■ REQUIREMENT:
Beginning with the line that mentions "Juguete para Gato, simulación", reproduce every line through the last line of the entries, exactly, and only those.

■ DATA PROVIDED:
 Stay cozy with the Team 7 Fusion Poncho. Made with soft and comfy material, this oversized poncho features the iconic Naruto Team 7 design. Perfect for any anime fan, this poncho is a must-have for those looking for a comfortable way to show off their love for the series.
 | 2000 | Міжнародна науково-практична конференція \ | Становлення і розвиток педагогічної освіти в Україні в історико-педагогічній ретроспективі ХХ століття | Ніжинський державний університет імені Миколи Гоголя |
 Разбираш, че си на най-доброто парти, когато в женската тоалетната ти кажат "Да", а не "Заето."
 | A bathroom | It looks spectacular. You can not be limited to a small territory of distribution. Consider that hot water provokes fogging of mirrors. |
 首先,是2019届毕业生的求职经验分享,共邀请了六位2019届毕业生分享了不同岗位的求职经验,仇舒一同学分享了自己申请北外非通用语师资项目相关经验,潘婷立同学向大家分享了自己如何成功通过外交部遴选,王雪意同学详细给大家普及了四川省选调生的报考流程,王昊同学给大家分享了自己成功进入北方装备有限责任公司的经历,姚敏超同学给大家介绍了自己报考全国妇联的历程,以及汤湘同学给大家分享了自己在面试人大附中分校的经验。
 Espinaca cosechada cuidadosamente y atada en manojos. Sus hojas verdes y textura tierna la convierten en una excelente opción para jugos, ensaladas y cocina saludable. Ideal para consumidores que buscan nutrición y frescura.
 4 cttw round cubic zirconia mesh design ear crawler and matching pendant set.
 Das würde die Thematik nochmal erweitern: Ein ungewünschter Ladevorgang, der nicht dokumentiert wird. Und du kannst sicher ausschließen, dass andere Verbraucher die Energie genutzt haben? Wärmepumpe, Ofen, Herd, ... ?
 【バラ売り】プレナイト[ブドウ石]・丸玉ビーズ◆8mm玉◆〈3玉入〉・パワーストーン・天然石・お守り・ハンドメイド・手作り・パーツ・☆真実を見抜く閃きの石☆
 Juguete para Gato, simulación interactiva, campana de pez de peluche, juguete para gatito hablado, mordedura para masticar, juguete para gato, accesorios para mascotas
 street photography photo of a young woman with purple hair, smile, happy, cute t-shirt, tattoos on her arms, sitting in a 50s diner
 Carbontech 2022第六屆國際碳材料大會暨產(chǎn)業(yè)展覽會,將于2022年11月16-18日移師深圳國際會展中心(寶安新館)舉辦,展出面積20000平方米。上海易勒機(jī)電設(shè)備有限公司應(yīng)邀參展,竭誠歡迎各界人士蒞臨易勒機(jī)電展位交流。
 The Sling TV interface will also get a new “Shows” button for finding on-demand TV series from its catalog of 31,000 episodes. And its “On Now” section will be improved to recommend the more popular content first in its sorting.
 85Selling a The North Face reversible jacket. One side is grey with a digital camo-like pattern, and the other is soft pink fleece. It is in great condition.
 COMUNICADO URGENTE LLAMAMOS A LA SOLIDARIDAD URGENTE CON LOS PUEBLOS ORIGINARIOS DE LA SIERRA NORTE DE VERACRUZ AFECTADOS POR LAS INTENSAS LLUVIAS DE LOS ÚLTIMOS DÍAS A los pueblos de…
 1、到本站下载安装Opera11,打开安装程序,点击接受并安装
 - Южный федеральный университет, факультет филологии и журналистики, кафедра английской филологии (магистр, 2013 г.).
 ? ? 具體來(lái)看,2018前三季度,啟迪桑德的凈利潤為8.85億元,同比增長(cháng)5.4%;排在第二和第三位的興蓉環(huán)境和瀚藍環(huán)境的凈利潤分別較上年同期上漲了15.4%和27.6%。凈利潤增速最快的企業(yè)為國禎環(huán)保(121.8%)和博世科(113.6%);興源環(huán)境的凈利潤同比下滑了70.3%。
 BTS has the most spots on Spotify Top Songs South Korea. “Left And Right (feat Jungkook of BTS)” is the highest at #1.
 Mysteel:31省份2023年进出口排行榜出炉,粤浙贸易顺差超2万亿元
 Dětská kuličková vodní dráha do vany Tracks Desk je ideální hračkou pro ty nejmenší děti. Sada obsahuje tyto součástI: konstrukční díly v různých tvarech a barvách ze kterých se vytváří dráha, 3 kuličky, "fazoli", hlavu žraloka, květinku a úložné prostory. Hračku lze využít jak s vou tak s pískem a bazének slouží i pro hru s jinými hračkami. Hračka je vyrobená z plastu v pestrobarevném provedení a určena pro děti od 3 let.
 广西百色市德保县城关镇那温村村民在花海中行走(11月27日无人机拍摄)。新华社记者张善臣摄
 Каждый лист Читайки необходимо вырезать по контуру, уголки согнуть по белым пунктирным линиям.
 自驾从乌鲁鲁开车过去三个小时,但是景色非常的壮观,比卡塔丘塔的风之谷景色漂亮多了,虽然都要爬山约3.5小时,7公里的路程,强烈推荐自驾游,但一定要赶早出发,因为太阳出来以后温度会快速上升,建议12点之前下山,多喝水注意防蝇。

■ SOLUTION TO THIS EXERCISE:
 Juguete para Gato, simulación interactiva, campana de pez de peluche, juguete para gatito hablado, mordedura para masticar, juguete para gato, accesorios para mascotas
 street photography photo of a young woman with purple hair, smile, happy, cute t-shirt, tattoos on her arms, sitting in a 50s diner
 Carbontech 2022第六屆國際碳材料大會暨產(chǎn)業(yè)展覽會,將于2022年11月16-18日移師深圳國際會展中心(寶安新館)舉辦,展出面積20000平方米。上海易勒機(jī)電設(shè)備有限公司應(yīng)邀參展,竭誠歡迎各界人士蒞臨易勒機(jī)電展位交流。
 The Sling TV interface will also get a new “Shows” button for finding on-demand TV series from its catalog of 31,000 episodes. And its “On Now” section will be improved to recommend the more popular content first in its sorting.
 85Selling a The North Face reversible jacket. One side is grey with a digital camo-like pattern, and the other is soft pink fleece. It is in great condition.
 COMUNICADO URGENTE LLAMAMOS A LA SOLIDARIDAD URGENTE CON LOS PUEBLOS ORIGINARIOS DE LA SIERRA NORTE DE VERACRUZ AFECTADOS POR LAS INTENSAS LLUVIAS DE LOS ÚLTIMOS DÍAS A los pueblos de…
 1、到本站下载安装Opera11,打开安装程序,点击接受并安装
 - Южный федеральный университет, факультет филологии и журналистики, кафедра английской филологии (магистр, 2013 г.).
 ? ? 具體來(lái)看,2018前三季度,啟迪桑德的凈利潤為8.85億元,同比增長(cháng)5.4%;排在第二和第三位的興蓉環(huán)境和瀚藍環(huán)境的凈利潤分別較上年同期上漲了15.4%和27.6%。凈利潤增速最快的企業(yè)為國禎環(huán)保(121.8%)和博世科(113.6%);興源環(huán)境的凈利潤同比下滑了70.3%。
 BTS has the most spots on Spotify Top Songs South Korea. “Left And Right (feat Jungkook of BTS)” is the highest at #1.
 Mysteel:31省份2023年进出口排行榜出炉,粤浙贸易顺差超2万亿元
 Dětská kuličková vodní dráha do vany Tracks Desk je ideální hračkou pro ty nejmenší děti. Sada obsahuje tyto součástI: konstrukční díly v různých tvarech a barvách ze kterých se vytváří dráha, 3 kuličky, "fazoli", hlavu žraloka, květinku a úložné prostory. Hračku lze využít jak s vou tak s pískem a bazének slouží i pro hru s jinými hračkami. Hračka je vyrobená z plastu v pestrobarevném provedení a určena pro děti od 3 let.
 广西百色市德保县城关镇那温村村民在花海中行走(11月27日无人机拍摄)。新华社记者张善臣摄
 Каждый лист Читайки необходимо вырезать по контуру, уголки согнуть по белым пунктирным линиям.
 自驾从乌鲁鲁开车过去三个小时,但是景色非常的壮观,比卡塔丘塔的风之谷景色漂亮多了,虽然都要爬山约3.5小时,7公里的路程,强烈推荐自驾游,但一定要赶早出发,因为太阳出来以后温度会快速上升,建议12点之前下山,多喝水注意防蝇。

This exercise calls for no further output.